In the earlier part of this article, "Third Party Security whether a fraudulent preference: Supreme Court decides", we summarised the findings of the Supreme Court in Anuj Jain, Interim Resolution Professional for Jaypee Infratech Limited v. Axis Bank Etc.Etc. 1 in relation to whether certain third party mortgage transactions were to be avoided under Sections 43, 45 and 66 of the Insolvency and Bankruptcy Code, 2016 ("the Code"). In this concluding part, we examine the judgment in relation to the issue as whether the lenders of JAL could be recognized as financial creditors of the corporate debtor JIL on the basis of the mortgages created by JIL as collateral security for loans taken by its holding company JAL.


The Supreme Court has examined the term "financial debt" and "financial creditor" in great detail to clarify the meaning and role of a financial creditor in an insolvency resolution process.

Financial Creditor – as explained in Swiss Ribbons

The decision in the case of Essar Steel2 (decided on 15th November 2019) was based on the Apex Court's judgment in the case of Swiss Ribbons3 (decided on 25th January 2019). In the Swiss Ribbons case this court rejected the contentions that classification between financial creditors and operational creditors was discriminatory and violative of Article 14. Further, the Supreme Court has extensively discussed financial creditors and operational creditors and their roles under the insolvency resolution process. The most important feature is that a financial creditor is from the very beginning, involved in assessing the viability of the corporate debtor who can, and indeed, engage in restructuring of the loan as well as reorganization of the corporate debtor's business when there is financial stress.

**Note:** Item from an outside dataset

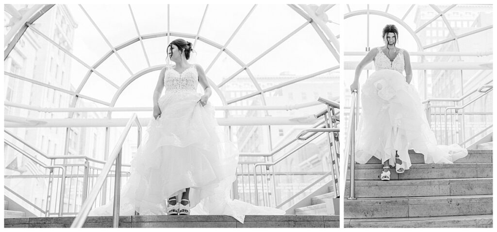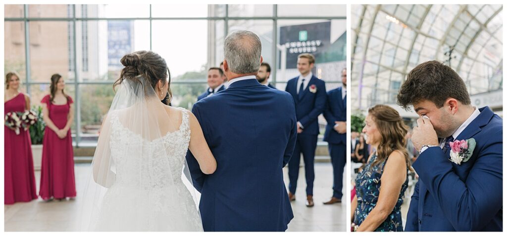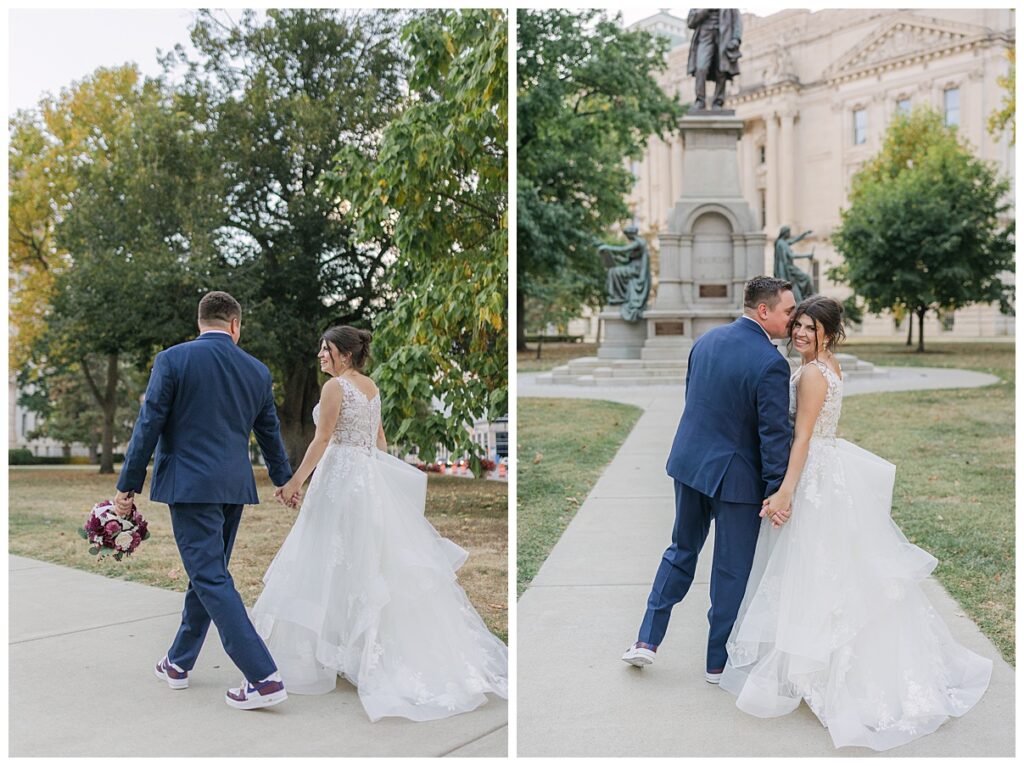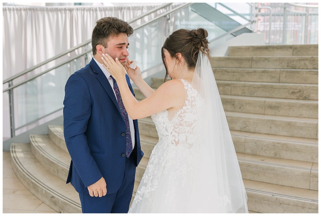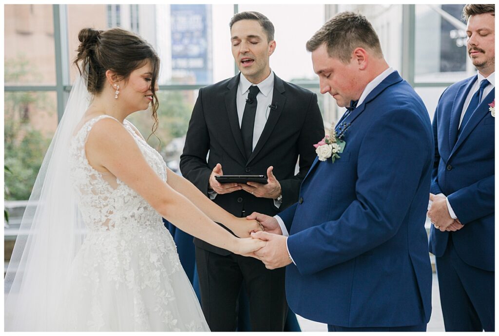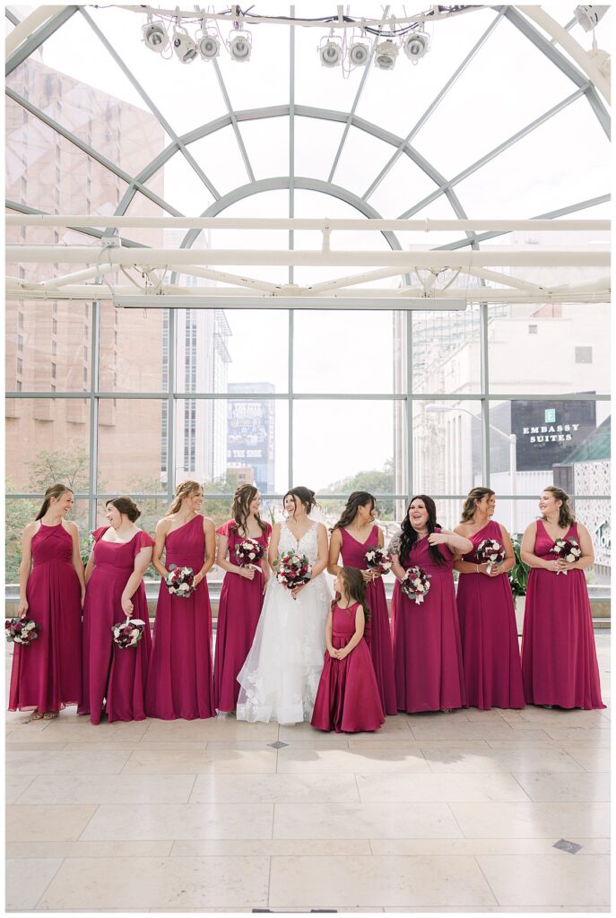 Congratulations to this sweet and beautiful couple! Ashley and Daniel were married a few weeks ago in downtown Indy at the stunning Indianapolis Artsgarden! It was an incredible day. The morning was filled with smiles and laughter as everyone was busy getting ready. We were blessed with amazing moments and memories as Ashley had some first looks with her dad and her brother and her bridesmaids. And I have to tell you, the first look with Ashley’s brother was one of the sweetest things I have ever seen. He cried and hugged her so tight! It was precious! Ashley and Daniel’s bridal party and family members were so kind and wonderful to work with as we took lots of beautiful photos before the guests arrived. Before the ceremony, Ashley and Daniel had a time of prayer and I was blessed to witness and capture yet another sweet and wonderful moment. The ceremony was gorgeous and pointed us all back to Christ. I loved getting to hear the words of wisdom from their pastors. The rest of the evening was filled with more fun photos around Indy, good food and lots and lots of dancing! Congrats again, Ashley and Daniel! So excited to see what God has in store for you!
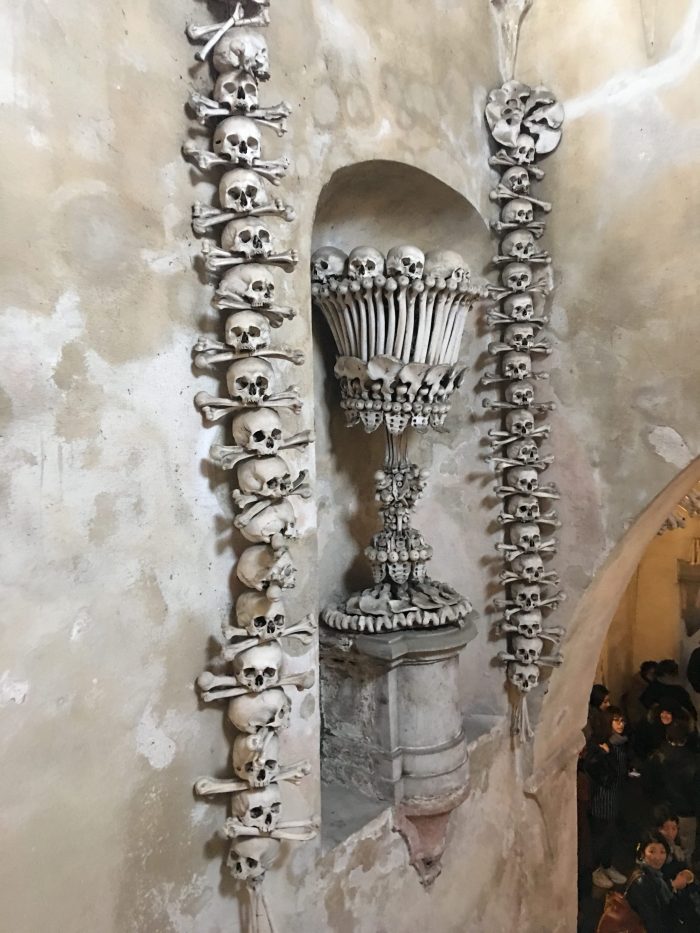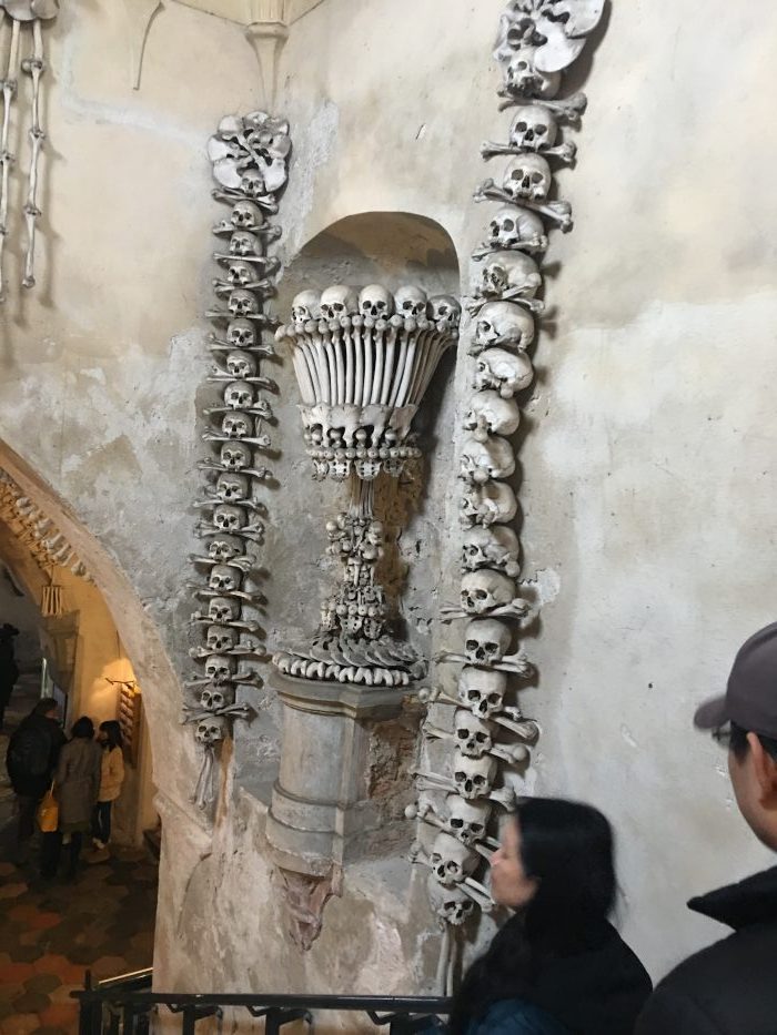 買完票之後去人骨教堂,教堂真的不大,簡單地每個人骨藝術品都瀏覽過後,就出去繞著教堂散步一圈,他們的墳墓樣式種類非常多,印象中沒看到重複的。

In short, a financial creditor is one whose stakes are intrinsically inter-woven with the well-being of the corporate debtor.

Financial Creditors – as explained in Pioneer Urban

This court while interpreting Section 5(8)(f) of the Code on the question as to whether an allottee under a real estate project, analysed the gamut of the terms 'disbursement', 'borrowing' and 'time value of money' being the root ingredients of 'financial debt' under the Code. The definition of 'financial debt' and 'financial creditor' in the Code have been defined with the words 'means' and 'includes' and in the present case the bench while interpreting such definitions clarified that the problem whether to read the definition in a restrictive sense or have an expanded meaning arrives because the definition includes both the terms 'means and includes'. This court decided not to go with either extremities, as laid down in the Pioneer Urban Case.

The Essentials of Financial Debt and Financial Creditor

The bench in the present case held that for a debt to be a financial debt for the purpose of Part II of the Code, the most essential element is that it should be a disbursal against the consideration for time value of money and for any person to be designated a financial creditor to the corporate debtor, it has to be shown that the corporate debtor owes a financial debt to such person.

The terms 'financial debt' and 'financial creditors' have been defined in Part II, however the term 'secured creditors' and 'security interests' have been mentioned in Part I of the Code and reading all the defining clauses harmoniously, it is evident that the legislature intended to differentiate between financial and secured creditors. The term 'secured creditor' being different from 'financial creditor' has been interpreted by the bench to distinguish the role of a financial creditor under CIRP. A secured creditor under the Code means a creditor in whose favour a security interest has been created. On the other hand, a financial creditor has been given the role of a guardian as such financial creditor has direct engagement in the functioning of the corporate debtor and would engage in restructuring of the loan as well as in reorganization of the corporate debtor's business when there is financial stress. Such financial creditors have been entrusted by the legislature with the role to ensure that the corporate debtor is rejuvenated and gets back to its wheels with reasonable capacity of repaying its debts and to attend on its other obligations.

In the present case, the bench held that if the secured creditors are added to the list of financial creditors and thereby allowed to have a say in the process, the growth and revival of the corporate debtor which has been the very objective of the Code, cannot be attained and thus such creditors having only security interest over the assets of the corporate debtor should stand outside the sect of financial creditors for the purpose of Part II of the Code.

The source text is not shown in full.